Presentato il nucleo Alzheimer di Venosa

Presentato il nucleo Alzheimer di Venosa

Presentato il nucleo Alzheimer di Venosa
La Regione Basilicata del resto ha deciso di investire risorse importanti, per un progetto innovativo, che è considerato un primo esempio di approccio integrato del Servizio sanitario regionale alla malattia dell’Alzheimer, e che si avvarrà di tecniche avanzatissime.

Mettere l'anziano al centro delle politiche sanitarie e della nuova visione di rete della salute, soprattutto quando il paziente soffre di patologie degenerative come l'Alzheimer. Con questo intento – spiega una nota della Regione Basilicata – il Dipartimento regionale politiche della Persona ha deciso di mettere in campo un progetto ambizioso, ma che è destinato a dare un grosso contributo alla popolazione lucana non solo a livello di prevenzione, ma anche e soprattutto in fatto di interventi sanitari e benessere sociale.
 
L'inaugurazione del Nucleo Alzheimer di Venosa è comunque uno dei più importanti risultati raggiunti. Decisiva – sottolinea la nota – è stata una delibera di giunta regionale dello scorso mese di agosto, in cui si autorizzava l'Asp ad avviare le procedure di mobilità interaziendale per ottimizzare le figure professionali esistenti in organico. Dopo studi e ricerche, incontri con le amministrazioni, con il mondo della sanità e con le parti sociali, dopo provvedimenti dell'esecutivo, interlocuzioni e documenti siglati anche a livello ministeriale, si arriva oggi ad una fase cruciale e fondamentale.
 
La Regione Basilicata del resto – aggiunge ancora la nota – ha deciso di investire risorse importanti, per un progetto innovativo, che è considerato un primo esempio di approccio integrato del Servizio sanitario regionale alla malattia dell’Alzheimer, e che si avvarrà di tecniche avanzatissime. L’attivazione del Centro pubblico per l'Alzheimer di Venosa va a testimoniare la grande attenzione delle istituzioni regionali nei confronti dei pazienti che soffrono di una malattia che nell’ambito delle diverse forme di demenza si qualifica come la più rilevante sotto il profilo sociosanitario. 

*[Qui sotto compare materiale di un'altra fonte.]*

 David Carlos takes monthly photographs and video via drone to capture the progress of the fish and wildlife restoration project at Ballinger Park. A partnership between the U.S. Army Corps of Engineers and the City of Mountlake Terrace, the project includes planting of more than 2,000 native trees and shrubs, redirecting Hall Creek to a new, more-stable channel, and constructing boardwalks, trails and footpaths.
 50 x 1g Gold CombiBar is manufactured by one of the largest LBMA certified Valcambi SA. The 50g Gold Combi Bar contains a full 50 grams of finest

Uno dei primi passaggi in tal senso è stata una delibera di giunta regionale del 2011 in cui veniva approvato il progetto relativo alla “Riorganizzazione della rete regionale per le demenze” dando mandato ad Asp e Asm di mettere in atto le azioni necessarie a concretizzarlo di concerto con l'Azienda ospedaliera regionale San Carlo di Potenza. 

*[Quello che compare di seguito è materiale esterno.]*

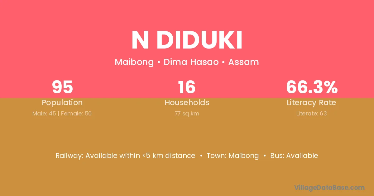 N Diduki village has a total population of 95 people, of which 45 are males and 50 are females.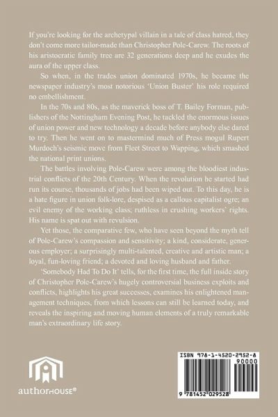 IF you're looking for the archetypal villain in a tale of class hatred, they don't come any more tailor-made than Christopher Pole-Carew. The roots of his aristocratic family tree are 32 generations deep and he exudes the aura of the upper class. So when, in the trades union dominated 1970s, he became the newspaper industry's notorious 'Union Buster' his role required no embellishment. In the '70s and '80s, as the maverick boss of T. Bailey Forman Ltd, publishers of the Nottingham Evening Post, he tackled the enormous issues of union power and new technology a decade before anybody else dared to try. Then he went on to mastermind much of Press mogul Rupert Murdoch's seismic move from Fleet Street to Wapping, smashing the national newspaper unions. The battles involving Pole-Carew were among the bloodiest industrial conflicts of the 20th Century. When the revolution he started had run its course, thousands of jobs had been wiped out. To this day, he is a hate figure in union folk-lore, despised as a callous capitalist ogre; an evil enemy of the working class; ruthless in crushing workers'rights;a name to be spat out with revulsion. Yet those, the comparative few, who have seen beyond the myth tell of Pole-Carew's compassion and sensitivity; a kind, considerate, generous employer; a surprisingly multi-talented, creative and artistic man; a loyal, fun loving friend; a devoted and loving husband and father. 'Somebody Had To Do It' tells, for the first time, the full inside story of Christopher Pole-Carew's hugely controversial business exploits and conflicts; highlights his great successes; examines his enlightened management techniques, from which lessons can still be learned today, and reveals the inspiring and moving human elements of a truly remarkable man's extraordinary life story.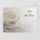 Anuncie seus próximos núpcias com o clássico cartão-postal Pérolas Brancas, Anel de Diamante e Renda Azul de Casamento Salve a Data. Este elegante cartão-postal personalizado de casamento apresenta uma fotografia de um colar de pérolas brancas e um anel de noivado de diamante com um lenço de linho azul e branco vintage.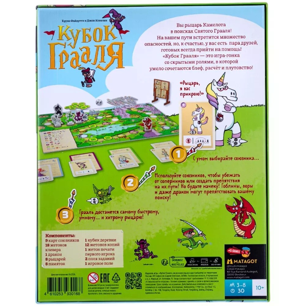 В данном настольном противостоянии, проиллюстрированном художником легендарной игры "Манчкин", участникам предстоит посоревноваться в обладании легендарным артефактом. Каждый игрок выступает в роли рыцаря и получает себе помощника, которого не показывает остальным. Перемещаясь по игровому полю, рыцари выполняют задания, добывают копья и с помощью карт союзников замедляют друг друга. Ваши помощники обладают уникальными приемами, и каждый из них может быть весьма полезен в вашей гонке. На пути к Граалю вам может встретиться опасный дракон, и если у вас нет с собой копья, вашему рыцарю не поздоровится. Соберитесь за одним столом и выясните, кто из вас самый достойный. Попробуйте первым добраться до артефакта и стать победителем!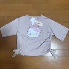 ハローキティの40周年を祝うピンクのTシャツ、可愛いデザインが特徴。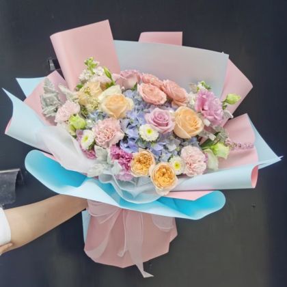 荔枝粉玫瑰3枝,粉玫瑰2枝,荔枝香槟玫瑰2枝,香槟玫瑰3枝,粉色康乃馨5枝,绣球1枝,银叶菊,白色小

La giunta regionale il 20 maggio 2014 ha approvato il progetto esecutivo proposto dall’Asp per il Nucleo Alzheimer di Venosa del costo complessivo di 500 mila euro. Ciò ha permesso la costruzione, in tempi brevi, del primo Centro regionale. 

L'invecchiamento della popolazione coincide con l’aumento progressivo dell'incidenza della malattia, che ha determinato “l'esigenza di definire le caratteristiche di una rete dei servizi finalizzata prioritariamente ad andare incontro alle necessità dei pazienti e dei loro familiari”. 

Nella valutazione dei pazienti geriatrici, già dal 2000, le strutture sanitarie della Regione Basilicata utilizzano lo strumento Vaor-Adi, predittivo rispetto al luogo di cura più appropriato, che dagli ultimi mesi del 2015 è stato adottato anche da Lazio e Lombardia.